Que pensez-vous du fait que l’extrême gauche va trancher ses discussions à travers des élections primaires ?

NB : Nous aurions préféré arriver à un accord avec les camarades du PO de façon à avoir d’entrée de jeu des listes en commun pour affronter les candidats des partis pro-patronaux. Ils ont refusé nos propositions unitaires, et ont préféré opter pour les PASO. De notre côté, nous ne voyons pas cela comme un problème. Nous avons toujours soutenu que les PASO étaient un moyen, en dernier recours, que nous pourrions utiliser, si nous ne tombions pas d’accord. Comme nous l’avons dit à plusieurs reprises, nous souhaitons que le FIT exprime la force des travailleurs, des femmes et de la jeunesse, c’est pour cela que nous soutenions un ticket présidentiel complémentaire avec, d’un côté, Jorge Altamira [du PO] et son expérience, et, de l’autre, Nicolás Del Caño, avec tout le soutien qu’il a su gagner au sein du monde du travail. (…)

NDC : Il est vrai que c’est quelque chose qui n’était jamais arrivé, mais dans un sens, cela permet de clarifier auprès de notre électorat et des militants du FIT quelles sont les perspectives que chacune des composantes entend donner au FIT. Mais il faut dédramatiser. C’est la façon, de maintenir l’unité et que le FIT s’enrichisse de débats (…).

Vous souhaitez rajouter une dernière chose ?

NDC : Oui.
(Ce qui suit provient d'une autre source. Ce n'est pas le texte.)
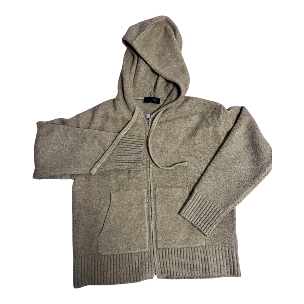 Zip-up hoodie in beige knit fabric. Features a hood with drawstring and ribbed cuffs and hem. Size S.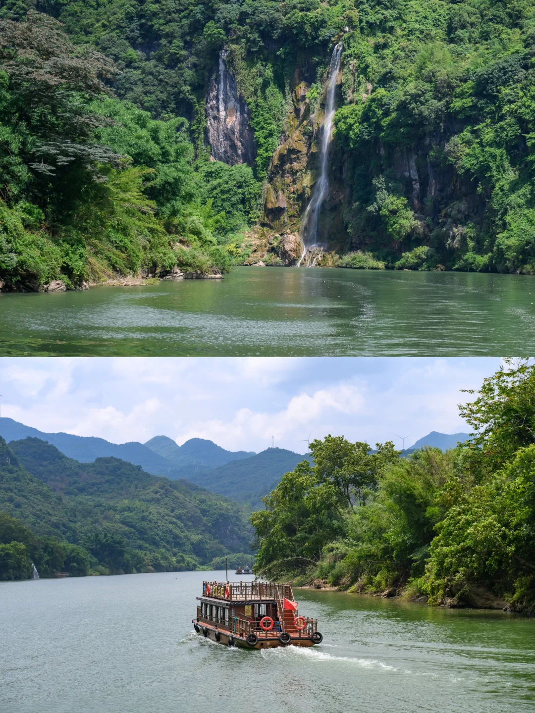 想躲开人潮过个惬意暑假?\n清远连州‼️粤北这个超小众秘境,必须安排上!\n闺蜜组队人均500+\n两天一夜:溶洞探险、三峡泛舟,还能躺着放空,舒服到不想走\n🚘交通:从广州自驾3小时直达,高速一路顺畅,说走就走超方便\n📍闺蜜必打卡:\n🌟连州地下河\n藏着2.5亿年的地质惊喜!和闺蜜坐船穿过国内最大洞内瀑布群,抬头就是钟乳石\"银河\",俩人直接惊叹连连~\u00a0这里天然恒温18℃,夏天来这儿避暑,空调费都省了,凉爽到不想离开!\n🌟湟川三峡\n和闺蜜坐船漫游,羊跳峡、楞伽峡、仙女峡挨个欣赏过去。两岸山峰直插云天,瀑布像白绸子般飘着,雾气萦绕其间,整个儿就是行走的画报,手机拍照根本停不下来!\n🌟擎天玻璃桥\n站在桥上往下看,就算腿软也要拉着闺蜜拍合照!脚下风光一览无余,风一吹头发飘起,随手一拍就是氛围感大片,胆小的闺蜜互相打气,这体验太独特了~\n🏨住哪儿?\n累了就住进连州龙潭度假区,就在湟川三峡边上,四周青山环绕,像闯进了没人打扰的小天地。定个江景房,在阳台一坐,俩人手拉手看山看水,晚上窝在房间里聊悄悄话,惬意十足~\n🍱吃什么?\n必须跟闺蜜尝尝当地美食!东陂水角滑溜溜,星子扣肉香到舔盘,连州菜心甜滋滋,俩人点一桌子菜,边吃边吐槽减肥计划,快乐直接翻倍~\n暑假和闺蜜来这一趟,美景美食全包,不用人挤人,能尽情疯玩拍美照!赶紧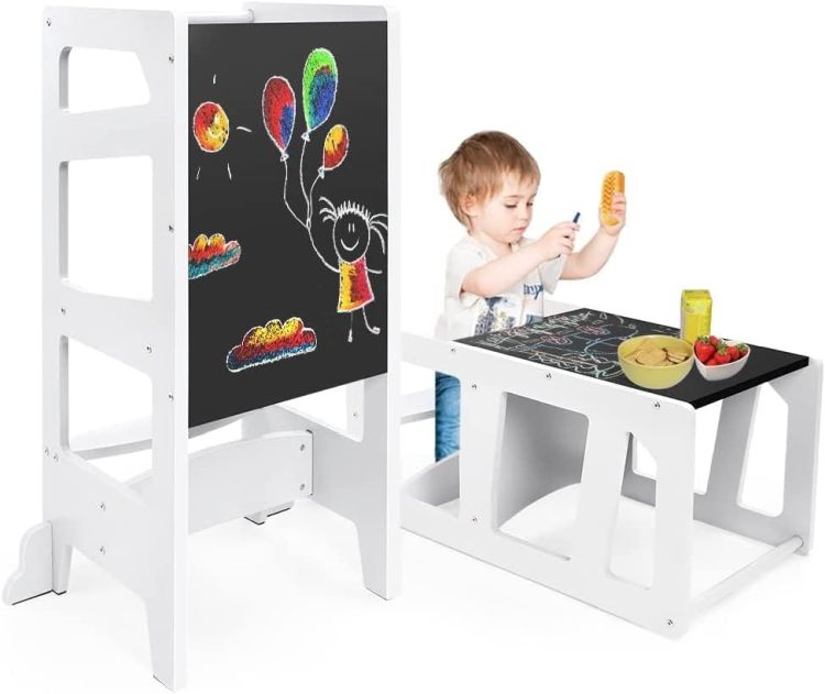 • 2-in-1 Funktion – Tritthocker & Kindertisch – Mit Tafel für Mal- & Lernspaß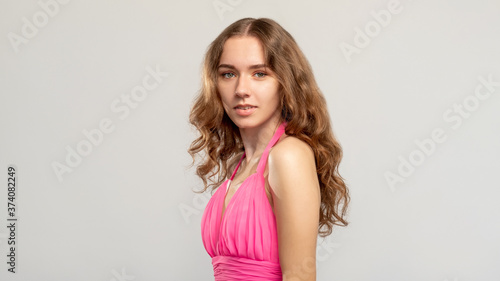 Elegant woman portrait. Feminine beauty. Tender brunette lady in pink with curly hair natural makeup looking at camera isolated on neutral empty space background.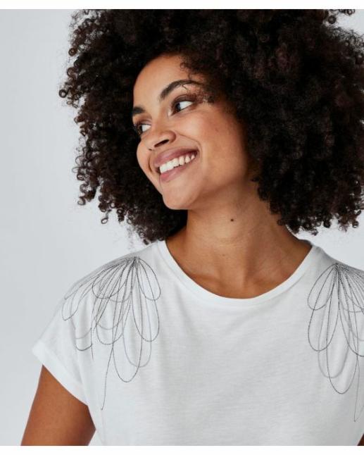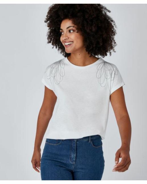 Damart Tee-Shirts | Femme Tee-Shirt Fantaisie Chaînette Blanc Cassé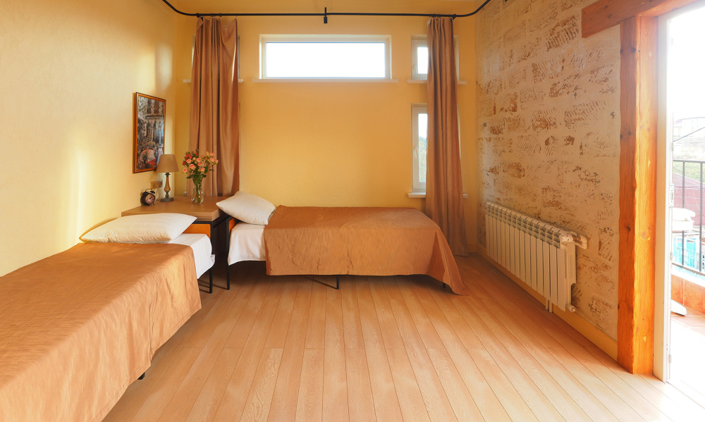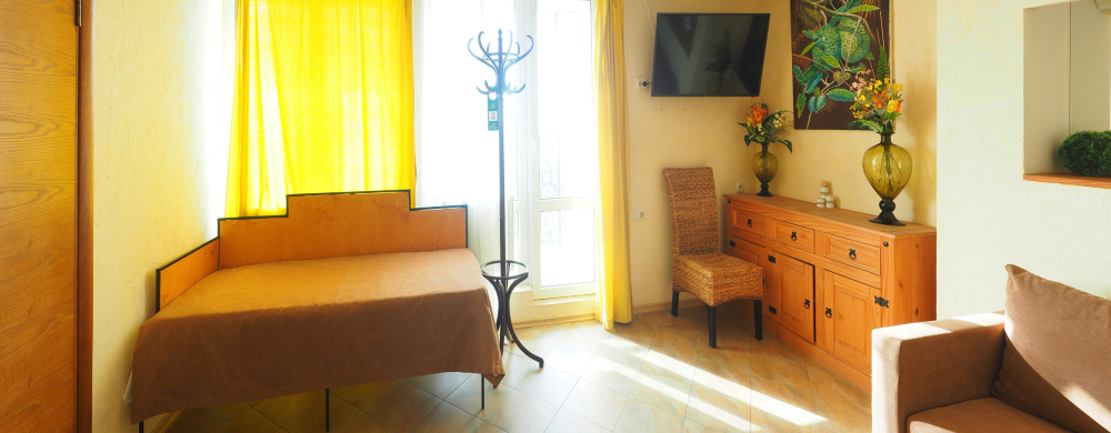 Однокомнатный трёхместный номер категории Стандарт Улучшенный № 5 (площадь 22 м², в средиземноморском стиле с собственной ванной комнатой, на третьем этаже, с балкончиком, видом на улицу и внутренний дворик, трёхместное размещение, на выбор:одна двухспальная кровать и одна односпальная кровать или три раздельные кровати с ортопедическими матрасами и подушками).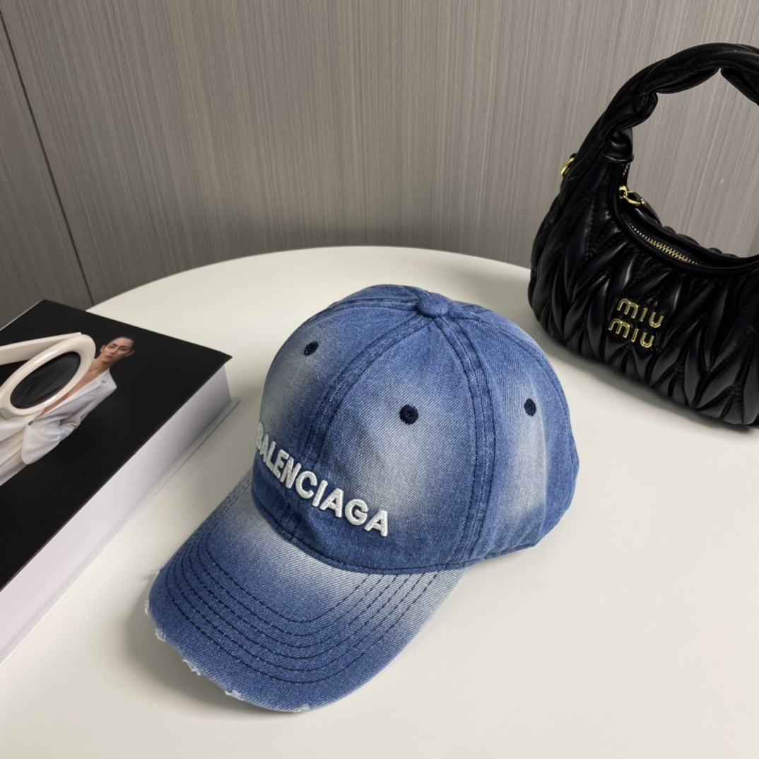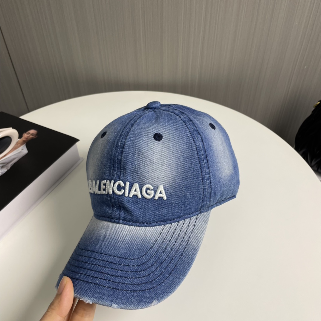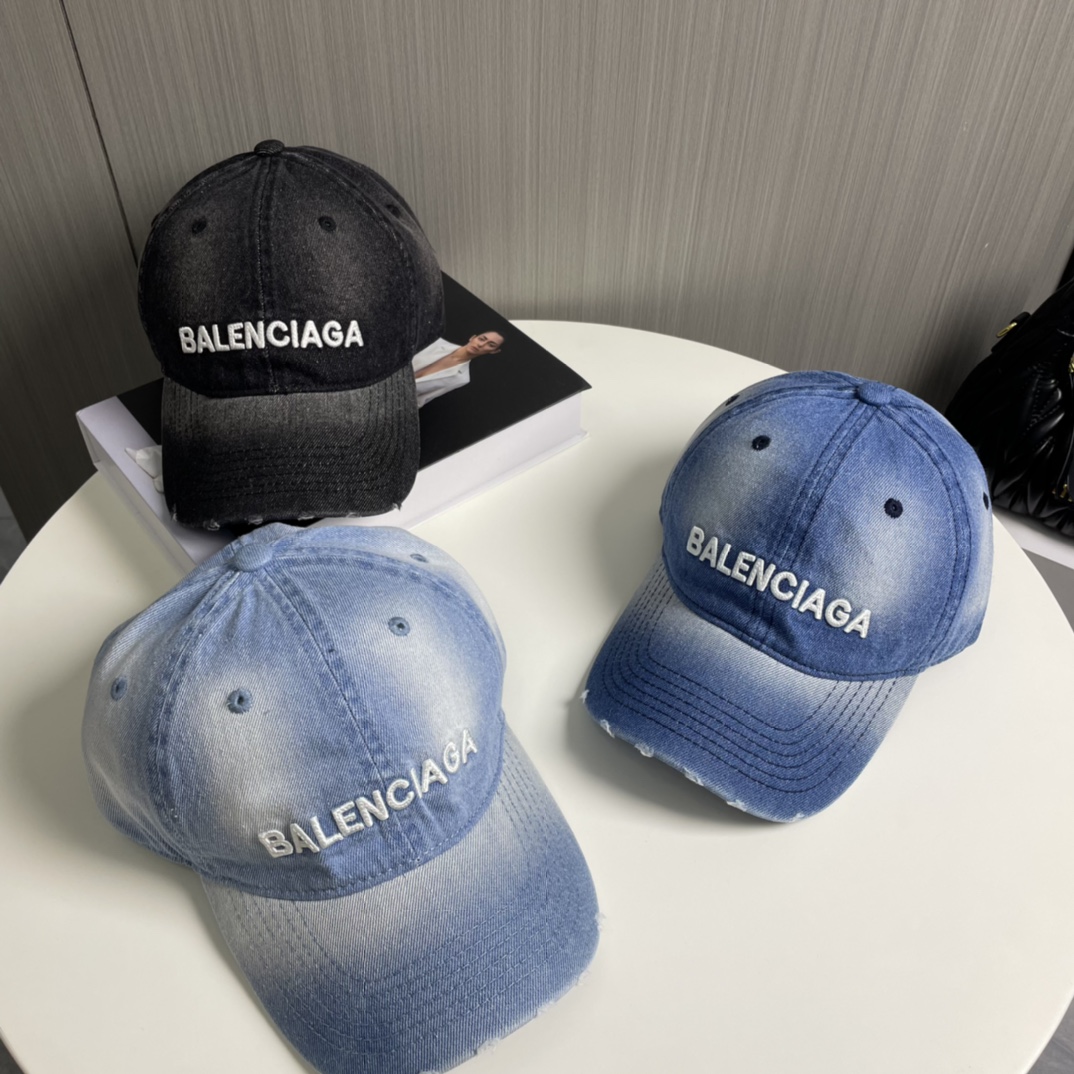 BALENCIAGA's new washed denim baseball caps come in cool color schemes, offering different styles for both men and women. The first batch is now available! A must-have for Parisian pink!

Je veux demander à tous ceux qui pensent qu’avec Scioli, Macri ou Massa, à savoir avec les « enfants politiques » de l’époque Menem, avec lesquels on ne peut s’attendre qu’à davantage d’attaques contre les travailleurs. Et bien je souhaite leur demander de relever ce défi consistant à renouveler et à renforcer le FIT dans tout le pays, à renforcer la campagne, à nous aider à diffuser nos idées et à militer à nos côtés, au PTS. (…)

NB : Dans le même sens que ce que dit Nicolás, je souhaite inviter tout le monde à se joindre à nous, pour que l’on puisse mettre, au centre de la discussion politique, les problèmes du monde du travail et des classes populaires.